TASK BRIEF
Set down, unchanged, the line holding "의해 생성되는 유체의" and all lines that follow it to the end of the material, leaving pictures out.
[[ RECORDED INFORMATION, beginning ]]
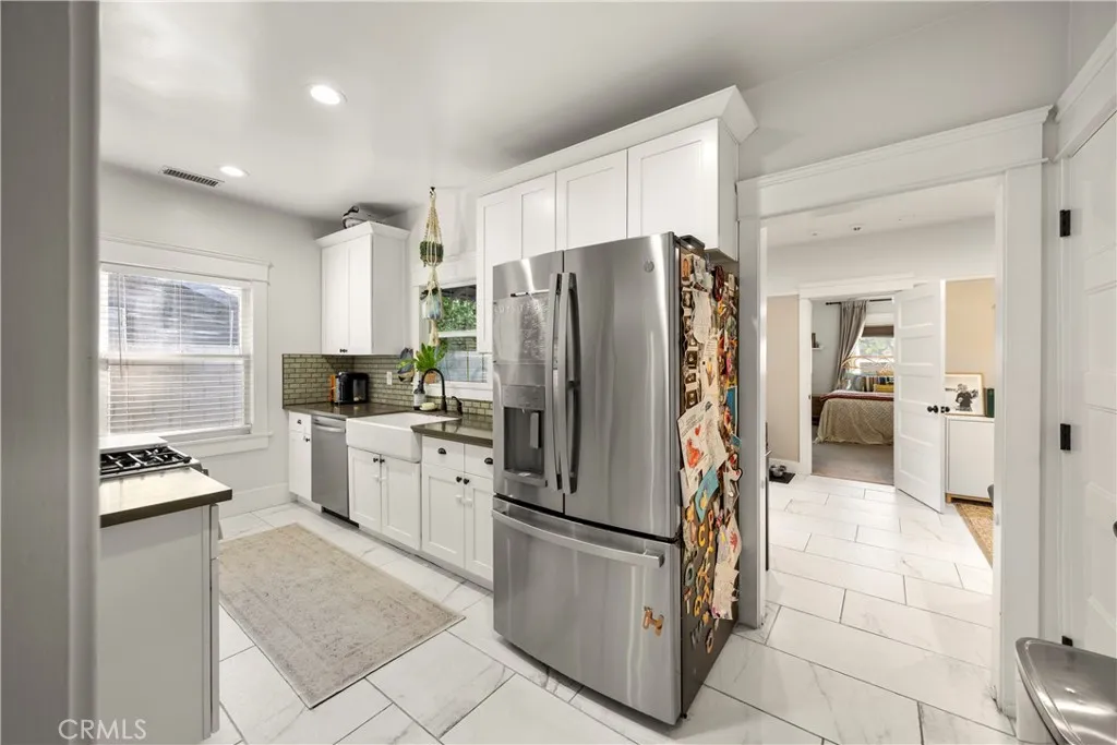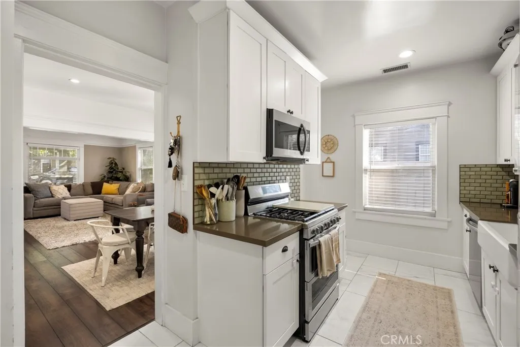 ADU DREAM OPPORTUNITY + PAID-OFF SOLAR + ALLEY ACCESS! Expansive lot with rear alley entry and existing barn creates the perfect setup to build a large ADU with garage, guest house, or income-producing unit (buyer to verify). Whether youre looking to offset your mortgage, create multi-generational living, or develop long-term valuethis property delivers. Located just one block from Downtown San Dimas, this beautifully restored 1912 Craftsman blends timeless character with modern upgrades in one of the citys most desirable neighborhoods. Inside, the home has been thoughtfully remodeled to preserve its historic charm while enhancing everyday living. Features include restored original hardwood floors, a designer kitchen with custom cabinetry, quartz countertops, farmhouse sink, and a statement backsplash. Both bathrooms have been tastefully updated with vintage-inspired finishes that honor the homes early 1900s roots. A versatile bonus room with French doors opens to the backyard deckideal for a home office, creative space, or additional living area. The primary suite offers a walk-in closet, en-suite bath, and direct outdoor access. Step outside to a spacious backyard designed for both enjoyment and expansion. With alley access and a detached rear structure, the layout is ideal for those looking to build a larger ADU with its own garage, separate entrance, and private yardan increasingly rare and valuable setup. Paid-off solar adds immediate savings and long-term efficiency. Commuters will appreciate quick access to the 210 and 57 freeways, making travel to Los Angeles and Or
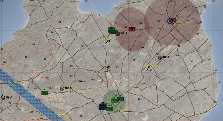 - Zu versorgende Einheit: Infanterie, Panzerzüge, CAS und ein SEBA Team hinter feindlichen Linien benötigen ganz unterschiedliche Dinge. Wichtige Fragen sind: Welche Einheit priorisiere ich bei der logistischen Ressourceneinteilung? Ein normales Light Platoon benötigt meist nicht die Geschwindigkeit luftgestützter Logistik, um Munitionsnachschub zu erhalten. Das SEBA Team ist hingegen vollständig angewiesen auf diese Unterstützung. Wie garantiere ich die schnelle Durchführung von Standardversorgungen? Der CAS freut sich, wenn die HEMTTs schnell zur Stelle sind. Falls möglich, positioniere die logistische Basis also in der Nähe des Flugfelds. Erstelle gedanklich einen entsprechenden Versorgungsplan.
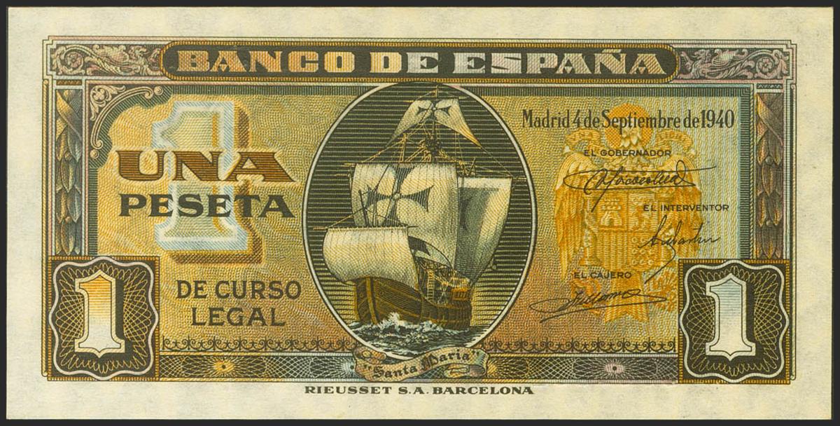 1 peseta. September 4, 1940. Series H. (Edifil 2021: 442a). original sizing Uncirculated.
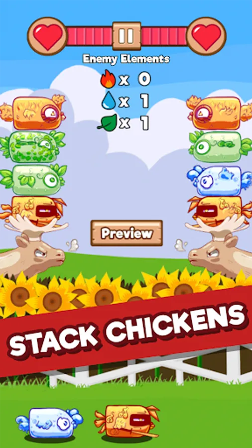 Mobilize your chicken army as you help your moose vie for ultimate supremacy! Use the power of earth, wind, and fire to topple any enemy chickens that stand in your way to the top.
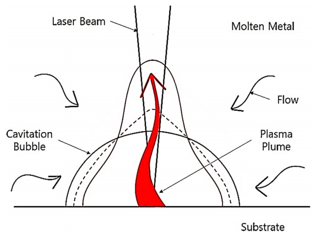 의해 생성되는 유체의 이동속도가 빠를수록 융액의 증기압은 낮아져 캐비테이션 버블이 생기기 쉬워진다. 실제에서는 레이저 빔의 이송속도가 빨라지면 유체
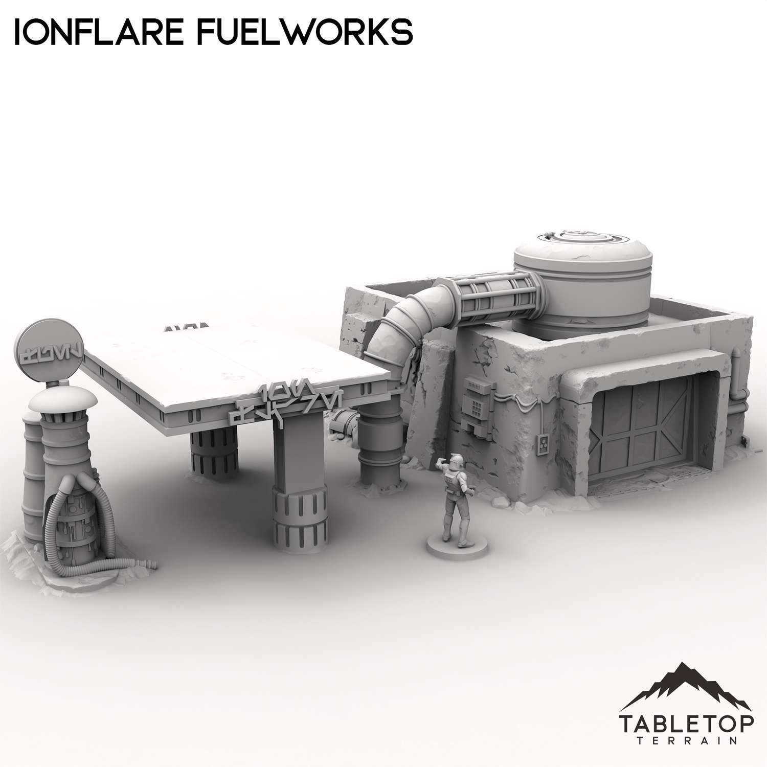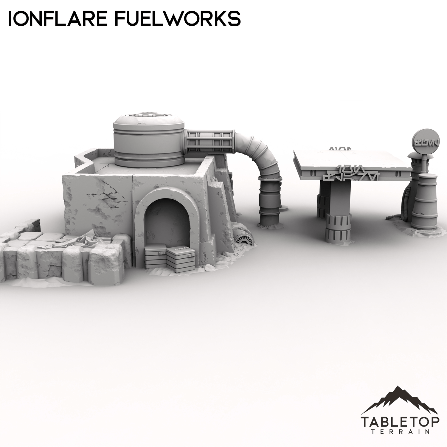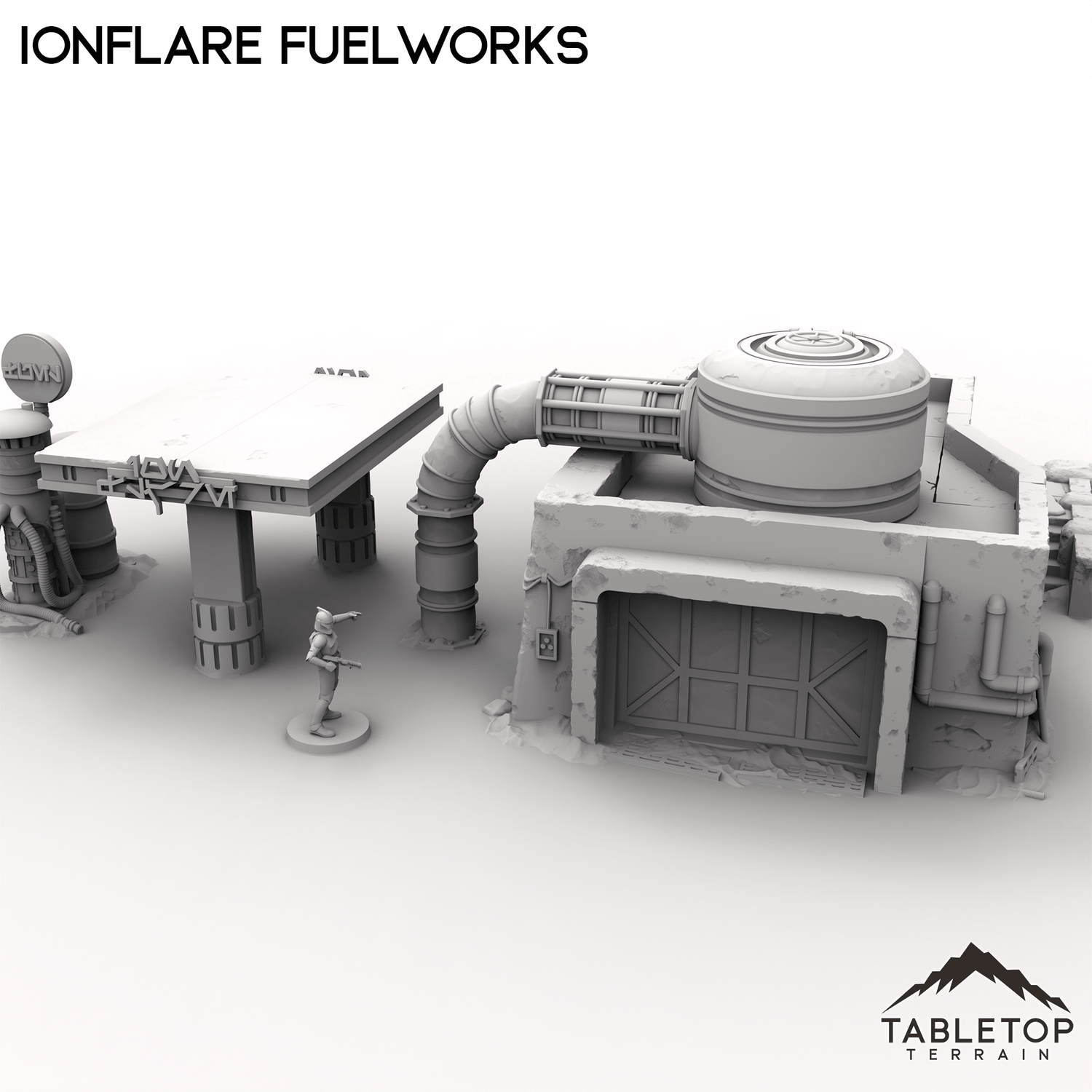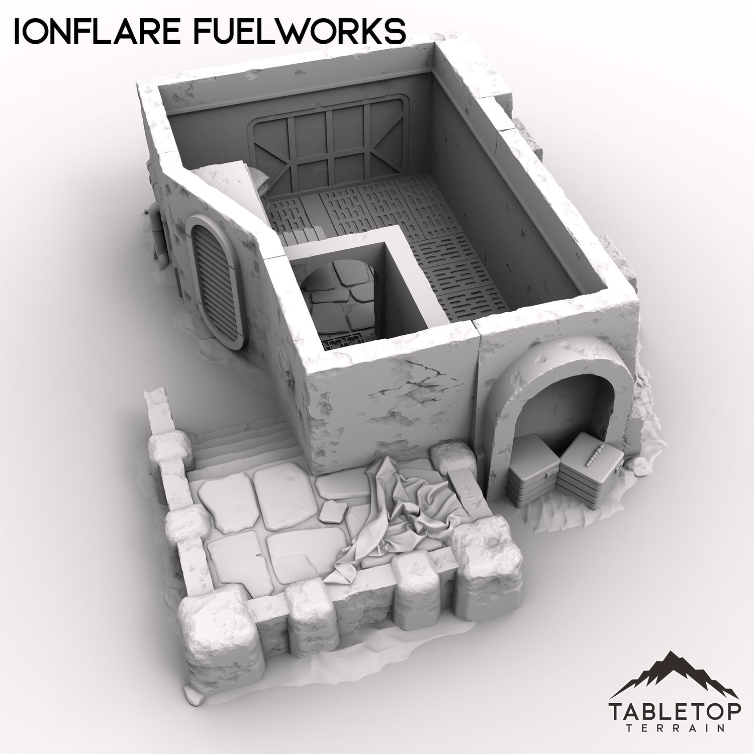 Ionflare Fuelworks is a rugged refueling station, the kind of place where players refuel their vehicles, swap a few credits, and maybe hear a rumor or two. Its worn walls and scattered supplies show it’s seen plenty of traffic, from cargo haulers to bounty hunters looking for a quick pit stop. Perfect for a tense standoff or a shady deal.
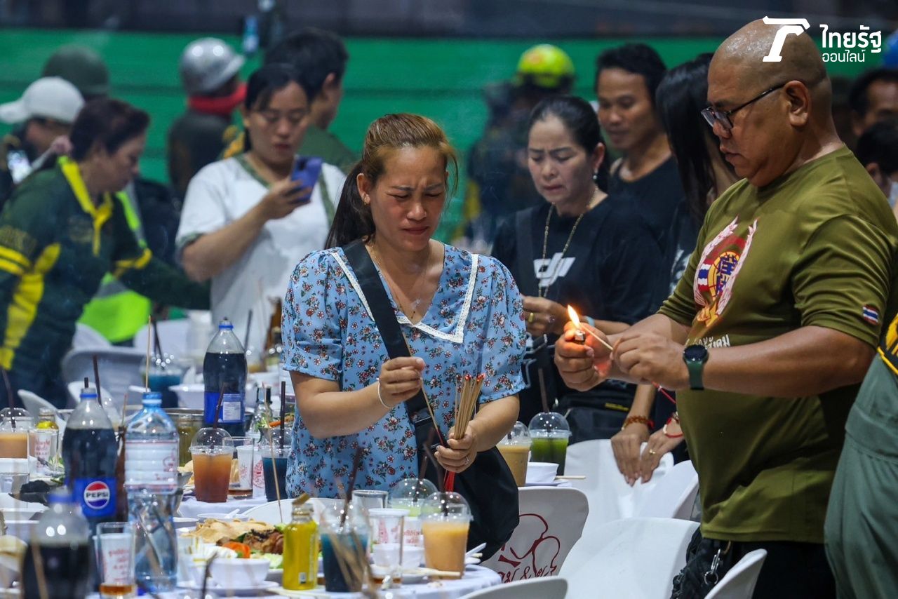 ซึ่งเมื่อสักครู่ที่ผ่านมา ได้ไปไหว้ปู่ย่าตายายพระภูมิเจ้าที่ รวมถึงพระสยามเทวาธิราชสิ่งศักดิ์สิทธิ์ทั้งหลาย เพื่อให้เปิดทางขอให้ผู้เสียชีวิตจากเหตุการณ์ดังกล่าวออกมารับประทานอาหาร โดยพิธีการจะเริ่มด้วยการนิมนต์พระอาจารย์มาทำการเปิดพื้นที่ และอ่านรายชื่อผู้เสียชีวิต เพื่อเป็นการอัญเชิญดวงวิญญาณ ก่อนเผากระดาษรายชื่อ และนำธูปไปปักตามจานอาหารที่เตรียมไว้
[[ RECORDED INFORMATION, end ]]
SOLVED PROBLEM
 의해 생성되는 유체의 이동속도가 빠를수록 융액의 증기압은 낮아져 캐비테이션 버블이 생기기 쉬워진다. 실제에서는 레이저 빔의 이송속도가 빨라지면 유체
 Ionflare Fuelworks is a rugged refueling station, the kind of place where players refuel their vehicles, swap a few credits, and maybe hear a rumor or two. Its worn walls and scattered supplies show it’s seen plenty of traffic, from cargo haulers to bounty hunters looking for a quick pit stop. Perfect for a tense standoff or a shady deal.
 ซึ่งเมื่อสักครู่ที่ผ่านมา ได้ไปไหว้ปู่ย่าตายายพระภูมิเจ้าที่ รวมถึงพระสยามเทวาธิราชสิ่งศักดิ์สิทธิ์ทั้งหลาย เพื่อให้เปิดทางขอให้ผู้เสียชีวิตจากเหตุการณ์ดังกล่าวออกมารับประทานอาหาร โดยพิธีการจะเริ่มด้วยการนิมนต์พระอาจารย์มาทำการเปิดพื้นที่ และอ่านรายชื่อผู้เสียชีวิต เพื่อเป็นการอัญเชิญดวงวิญญาณ ก่อนเผากระดาษรายชื่อ และนำธูปไปปักตามจานอาหารที่เตรียมไว้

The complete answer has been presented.